The appeals court found that the certificates at issue were not a "covered security," also ruling that the plaintiffs made other claims unrelated to covered securities that put the suits outside the jurisdiction of SLUSA. As a result, the Fifth Circuit said, the litigation could continue under state law.
The defendants appealed to the Supreme Court, asserting that the Stanford certificates were covered and that the lawsuit was just the kind that SLUSA was passed to preclude. The ruling "frustrates Congress's intent," according to Proskauer's brief, authored by James Rouhandeh of Davis Polk & Wardwell.
Clement asserts in his brief on behalf of Willis and other third-party companies that his clients provided routine services to Stanford's operations, "completely unrelated" to the certificates that formed the basis of the fraud. Willis never profited from the Ponzi scheme, Clement added. And he accused the plaintiffs of seeking out "deep-pocketed third parties with any remote connection to Stanford." Walter Dellinger of O'Melveny & Myers, representing Chadbourne, told the court the plaintiffs were making an "end-run" around the intent of Congress to bar suits against third parties.
The third-party defendants also invoked two Supreme Court precedents—Merrill, Lynch, Pierce, Fenner & Smith v. Dabit, 547 U.S. 71, a 2006 decision, and Stoneridge v. Scientific-Atlanta, 552 U.S. 148, in 2008, both of which point toward a broad reading of federal laws that would prevent class actions based on state law.
The defense bar asserts that allowing the Fifth Circuit ruling to stand would only speed the forum-shopping rush to state courts that began after SLUSA and its predecessor, the Private Securities Litigation Reform Act, were passed.
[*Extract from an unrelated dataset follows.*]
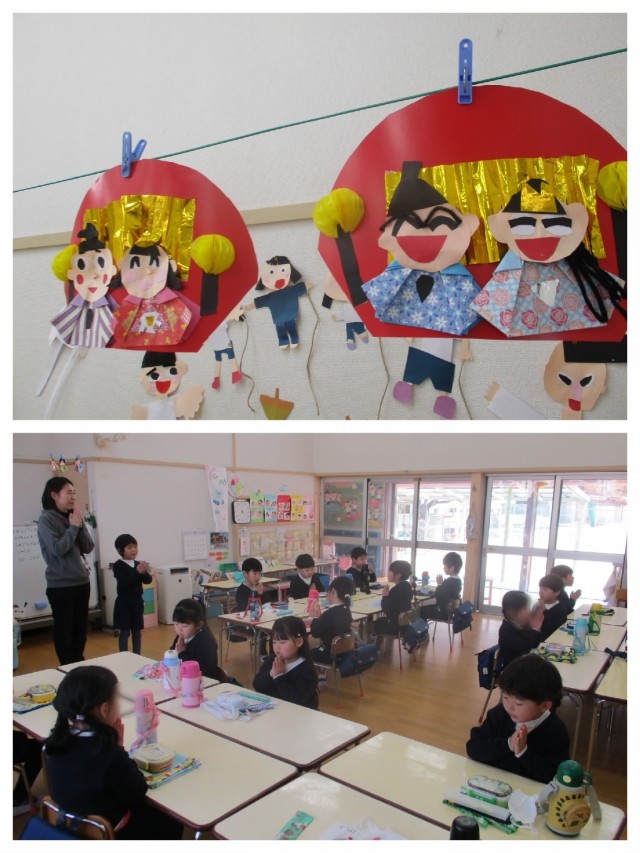 昨日の小学校との交流から刺激を受け、今日も小学校ごっこで1日が始まりました。そして雛人形飾り制作の続きをしました。今日は「後ろにきんきらのカーテンみたいなのがある!」「電気がある。ぼんぼりや!」と、みんなで飾りを作りました。両面テープもばっちり使いこなせるようになっています✌金の屏風とぼんぼりを一緒に飾ると華やかに可愛くなりました(*^▽^*)

Coberly said that in her own practice defending auditors in securities actions, most of the litigation has been filed under state law. She said that existing federal law gives the government all the tools needed to prosecute legitimate cases against participants in a fraud, without allowing class actions to proliferate at the state level.
Another brief offers an example of the kind of litigation that law firms are worried about. Other Stanford investors sued the Louisiana law firm Breazeale, Sachse & Wilson in federal court but under Texas state law over partner Claude Reynaud Jr.'s role as one of many of Stanford's outside counsel.
The Breazeale firm's brief, written by Arnold & Porter's Lisa Blatt, says the lawsuit seeks to hold the firm liable for at least $300 million and "potentially all of the financial losses resulting from the entire Stanford Ponzi scheme" under a state theory of joint and several liability. Because of the Fifth Circuit's stance, Blatt said, the Louisiana firm has been unable to seek dismissal of the lawsuit.
The Roberts Court has generally supported efforts to curtail class actions. But the issue keeps returning, no matter what laws Congress passes, and the outcome in the Stanford-related cases is uncertain. The uncertainty of the law and the abusive nature of class actions, according to Coberly, "drives up the cost of doing business in the United States and reduces the competitiveness of U.S. capital markets."
The court is also being told that the defendants in the three Stanford cases are not necessarily innocent bystanders or far-removed players who deserve to be protected from liability.
A brief filed by the court-appointed receiver and examiner in the Stanford fraud case details the role Sjoblom allegedly played in using his credentials as a former SEC attorney to forestall SEC investigations into Stanford's operations. It also recites allegations that Willis provided "safety and soundness letters" to Stanford from 1996 through 2008 that attracted thousands of investors to Stanford's offerings.